Craw data from Goodread by Selenium and Python.
-
Python3 .
-
Clone this repository .
$ git clone https://github.com/congdaoduy298/Crawl-Data.git
- Install dependencies .
$ cd Crawl-Data/
$ pip3 install -r requirements.txt
- Run file by terminal .
$ python crawl_books.py
Total running time: 6181s
Get Vietnamese NER by using VnCoreNLP and English NER by using nltk + spacy.
-
Python 3.4+ (< 3.8).
-
Have to install all dependent libraries
$ pip3 install -r requirements.txt
- Clone VnCoreNLP repository and install vncorenlp.

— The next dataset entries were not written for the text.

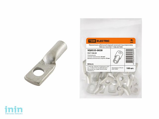 Наконечник кабельный медный луженый под опрессовку ТМЛ 25-10-8 (100шт/уп) TDM (ГОСТ 7386-80)
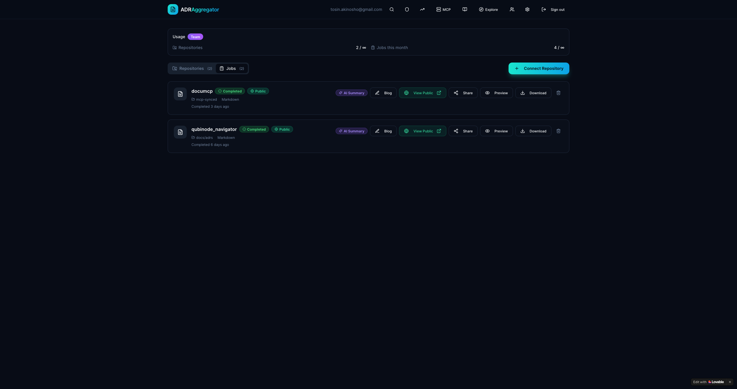## 製品概要 ADR Aggregatorは、散在するアーキテクチャ決定記録を1つの文書に統合し、共有しやすくするツールです。 ## キー機能 - GitHub 連携でADRを自動検出 - ...
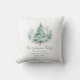 Personalized family Christmas pillow features watercolor pine tree and elegant script family name in sage green, modern and simple.
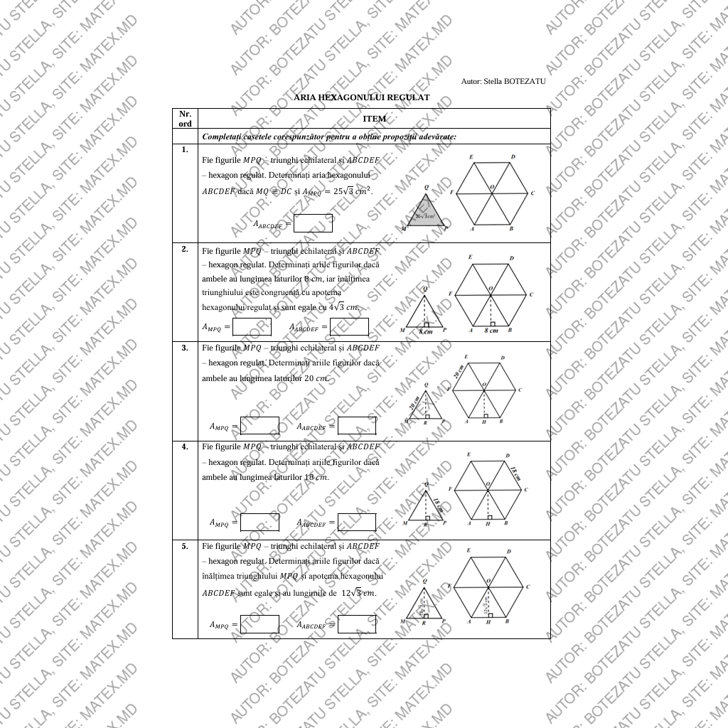 fișă de exersare la etapa de consolidare a cunoștințelor noi.
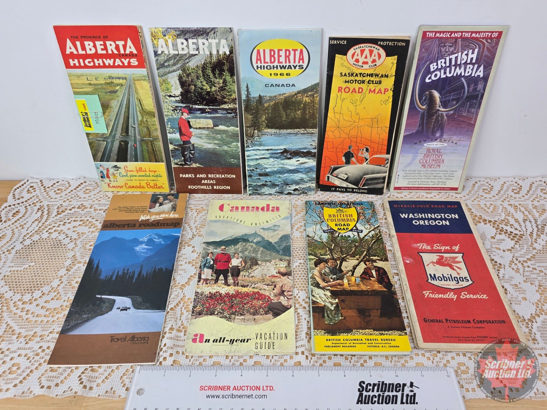 Variety of Road Maps : Washington ; Alberta ; British Columbia; Canada; Saskatchewan; etc
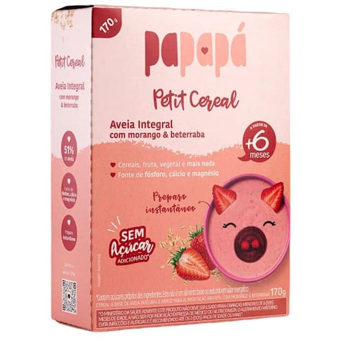 Petit Cereal Aveia PAPAPÁ morango e beterraba 170g O Petit Cereal de Aveia Integral com Morango & Beterraba da Papapá é a escolha perfeita para introduzir uma alimentação saudável e saborosa para o seu bebê a partir dos 6 meses de idade. Com uma composição cuidadosamente selecionada, este cereal infantil de preparo instantâneo é formulado com 51% de aveia integral, proporcionando uma fonte nutritiva e rica em minerais naturais.
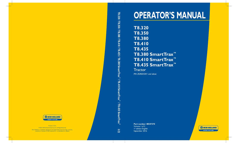 Download New Holland T8.320 , T8.350 , T8.380 , T8.410 , T8.435 , T8.380 SmartTrax , T8.410 SmartTrax , T8.435 SmartTrax Tractor Operator's Manual ( PIN ZGRE05001 and above )
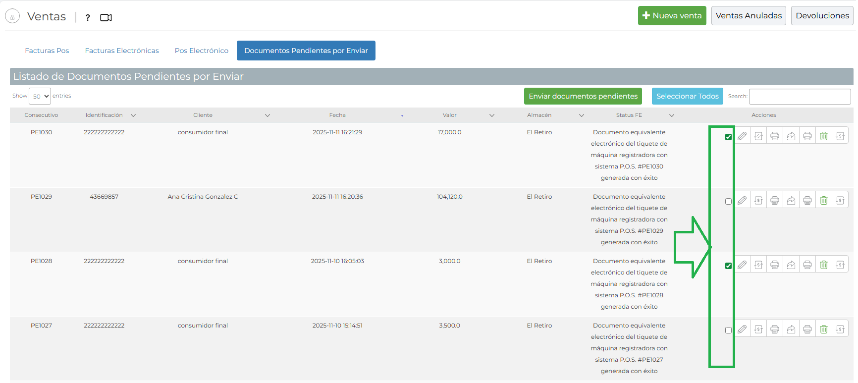 4.1- Si no se necesita reenviar todas, seleccionar facturas a enviar de manera individual desde el check al costado derecho:
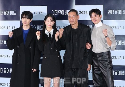 [헤럴드POP=민선유 기자]배우 이지훈, 이윤우, 신수항과 SABU 감독이 6일 오후 서울 용산구 한강로 CGV 용산점에서 진행된 영화 '언더 유어 베드' 언론시사회 및 기자간담회에 참석해 포토타임 촬영에 임하고 있다.
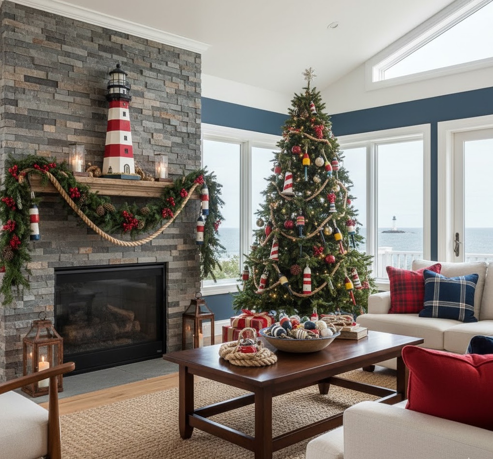 Embrace the spirit of the high seas with nautical Christmas home styling, a distinctive take on coastal Christmas decorations that celebrates maritime heritage. This style prominently features a colour scheme of deep navy blues, crisp whites, and vibrant reds, often complemented by natural wood tones and polished brass accents. Materials like rope, canvas, and polished timber are central, creating a robust yet refined aesthetic. Functionally, this decor often incorporates elements like miniature lighthouses, ship’s wheels, and anchor motifs into wreaths, garlands, and tree ornaments, making a bold statement. The mood is one of adventurous elegance and timeless tradition, perfect for those who adore the sea and its rich history. Expect to see festive stockings embroidered with anchors, model sailboats adorned with tiny fairy lights, and glass buoys repurposed as unique holiday ornaments, all contributing to a cohesive and captivating maritime theme.
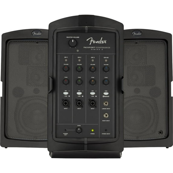 With easy-to-use features and great go-anywhere portability, the passport conference series 2 audio system is ideal for small to medium-size audiences. With Bluetooth audio streaming, its full-range speakers, versatile features, friendly front-panel controls, and 175 watts of power provide clear and reliable Fender sound ideal for a wide range of uses - educational, sporting, and worship events; meetings, seminars, and presentations, and musical performances at parties, small clubs, coffeehouses and much more. Conveniently self-contained with suitcase-style portability and easy setup has everything you need for great sound anywhere, anytime.

$ git clone https://github.com/vncorenlp/VnCoreNLP
-
Java 1.8+
-
File VnCoreNLP-1.1.1.jar (27MB) and folder models (115MB) are placed in the same working folder.
-
NLTK Library (Do not need if use Bert-base model).
-
Spacy Library (Do not need if use Bert-base model).

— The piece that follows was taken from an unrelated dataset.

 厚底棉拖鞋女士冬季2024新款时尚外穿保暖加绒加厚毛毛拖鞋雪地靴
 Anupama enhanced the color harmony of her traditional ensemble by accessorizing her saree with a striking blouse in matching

$ python3 -m spacy download en_core_web_sm
I. Use NLTK and Spacy
- Run VnCoreNLP server.
$ vncorenlp -Xmx2g <FULL-PATH-to-VnCoreNLP-jar-file> -p 9000 -a "wseg,pos,ner"
- Open new terminal.
$ python3 get_ner.py
II. Use Bert-base
- Get NER with Vietnamese sentences by VnCoreNLP.
$ vncorenlp -Xmx2g <FULL-PATH-to-VnCoreNLP-jar-file> -p 9000 -a "wseg,pos,ner"
$ python3 get_vn_ner.py
- Use GPU of Google Colab and run all code in Bert_NER.ipynb.